● **EXERCISE INSTRUCTIONS**: In the data below, restate exactly the lines from the one with "A Map of Chicago" to the final line, both included, but not the pictures.

Data entries
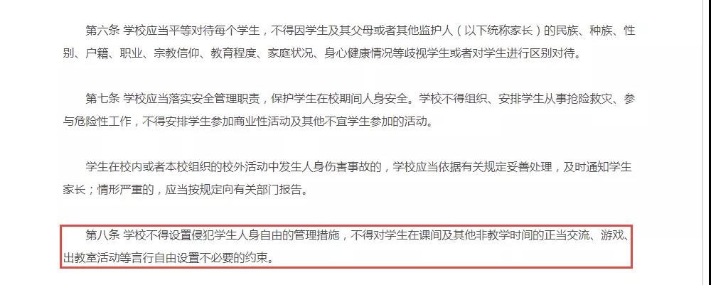 第八條 學(xué)校不得設(shè)置侵犯學(xué)生人身自由的管理措施,不得對(duì)學(xué)生在課間及其他非教學(xué)時(shí)間的正當(dāng)交流、游戲、出教室活動(dòng)等言行自由設(shè)置不必要的約束。
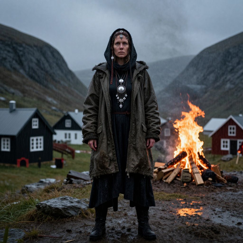 A strong, earthy woman with a broad face, weathered skin, and a calm, thoughtful gaze in a deep brown Icelandic wool dress that hugs her figure with natural texture and simplicity; she stands outside a traditional stone barn in rural Iceland, where wind sweeps through dry grass, with a backdrop of snow-capped peaks and a red-tiled roof, capturing nordic simplicity and quiet dignity.. The woman has big tits and cute face
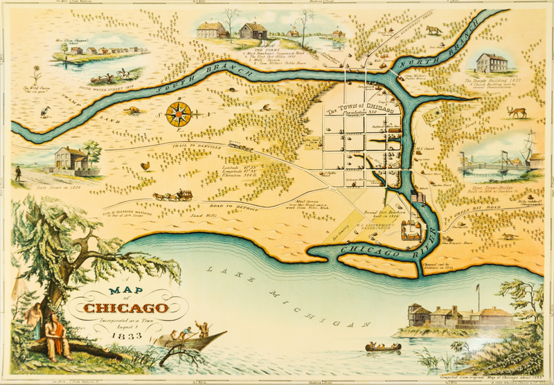 A Map of Chicago Incorporated as a Town, 1833. Chicago: Walter Conley & O.E. Stelzer, 1933. Color lithographed map "compiled from original 'Map of Chicago about 1833'" of Chicago at the time of its incorporation.
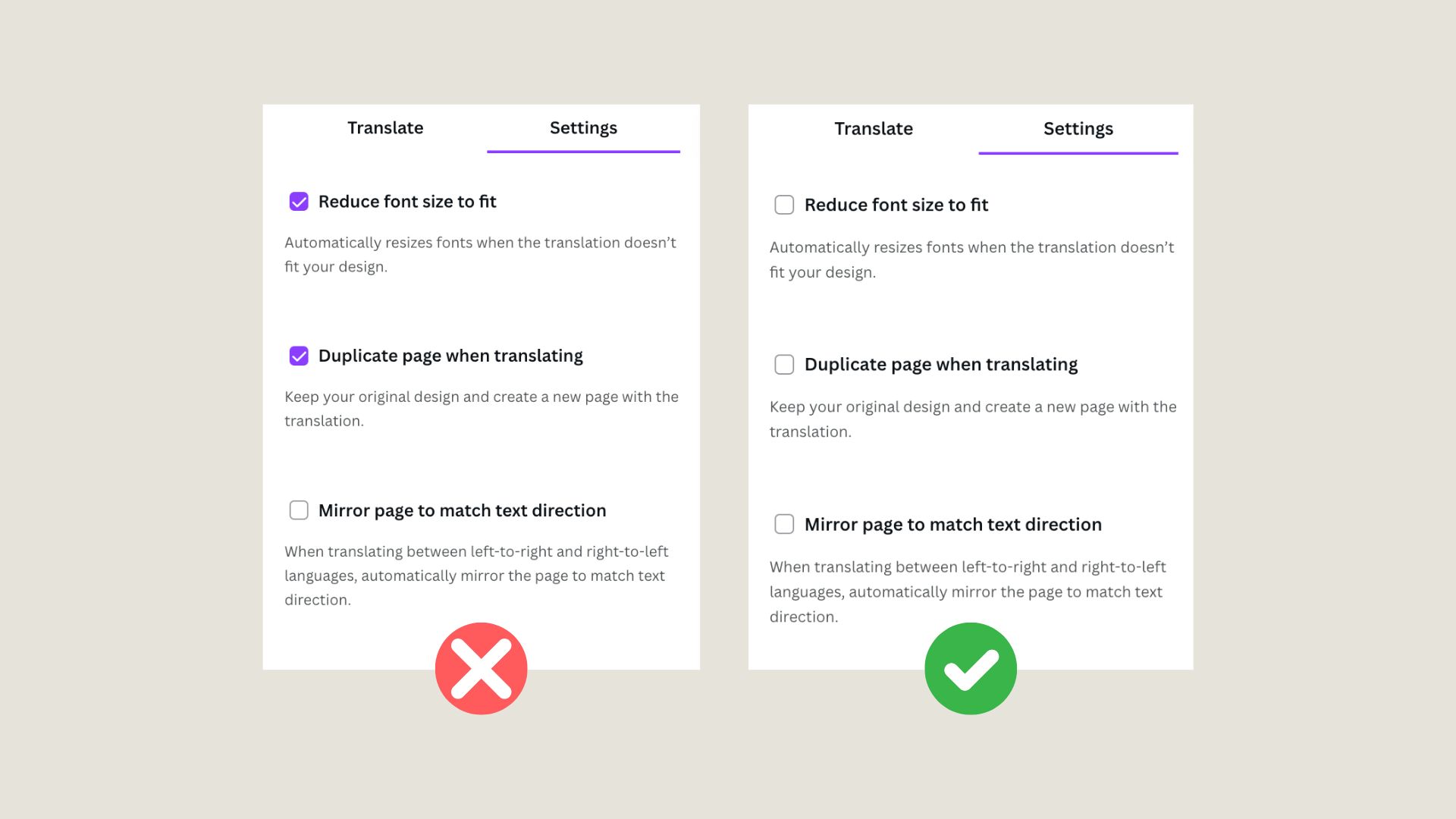 There are just two settings to ensure that the translation takes less work and doesn't break your design:
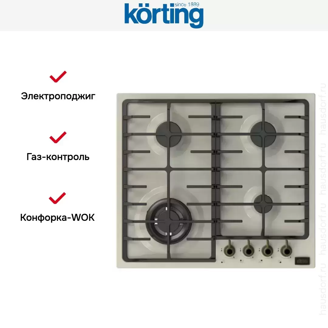 Газовая варочная панель Korting HG 674 CTRB — флагманская модель в линейке Korting (итальянского производства), варочная панель премиального сегмента.
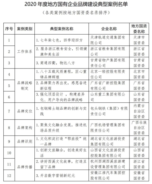 5月10日,由国家发展改革委等7部门和上海市政府共同主办,国务院国资委特别支持的2021年中国品牌日活动在上海举办。 活动现场,国资委指导举办了中国企业品牌建设分论坛,会上发布了《2020年度中央企业品牌建设发展报告》、2020年度100个国有企业品牌建设典型案例和100个优秀品牌故事。中国兵器工业集团北重集团的“技术创新和商业模式创新并驱,打造知名民族矿用车品牌”入选2020年度100个国有企业品牌建设典型案例,中国兵器工业集团北方公司的微电影《大山里升起的希望》入选2020年度100个优秀品牌故事。 《2020年度中央企业品牌建设发展报告》分析了当前中央企业加强品牌建设的形势要求,从战略引领、专业运营、支撑保障、组织管控、全球推广5个方面总结了中央企业年度品牌建设进展。 2020年度100个国有企业品牌建设典型案例和100个优秀品牌故事,汇集企业优秀经验做法,丰富国企品牌资源池,促进企业相互学习借鉴,加快提高品牌管理专业化水平。 2020年度100个国有企业 品牌建设典型案例 来源/国资小新 |

● **FINISHED TASK**:
 A Map of Chicago Incorporated as a Town, 1833. Chicago: Walter Conley & O.E. Stelzer, 1933. Color lithographed map "compiled from original 'Map of Chicago about 1833'" of Chicago at the time of its incorporation.
 There are just two settings to ensure that the translation takes less work and doesn't break your design:
 Газовая варочная панель Korting HG 674 CTRB — флагманская модель в линейке Korting (итальянского производства), варочная панель премиального сегмента.
 5月10日,由国家发展改革委等7部门和上海市政府共同主办,国务院国资委特别支持的2021年中国品牌日活动在上海举办。 活动现场,国资委指导举办了中国企业品牌建设分论坛,会上发布了《2020年度中央企业品牌建设发展报告》、2020年度100个国有企业品牌建设典型案例和100个优秀品牌故事。中国兵器工业集团北重集团的“技术创新和商业模式创新并驱,打造知名民族矿用车品牌”入选2020年度100个国有企业品牌建设典型案例,中国兵器工业集团北方公司的微电影《大山里升起的希望》入选2020年度100个优秀品牌故事。 《2020年度中央企业品牌建设发展报告》分析了当前中央企业加强品牌建设的形势要求,从战略引领、专业运营、支撑保障、组织管控、全球推广5个方面总结了中央企业年度品牌建设进展。 2020年度100个国有企业品牌建设典型案例和100个优秀品牌故事,汇集企业优秀经验做法,丰富国企品牌资源池,促进企业相互学习借鉴,加快提高品牌管理专业化水平。 2020年度100个国有企业 品牌建设典型案例 来源/国资小新 |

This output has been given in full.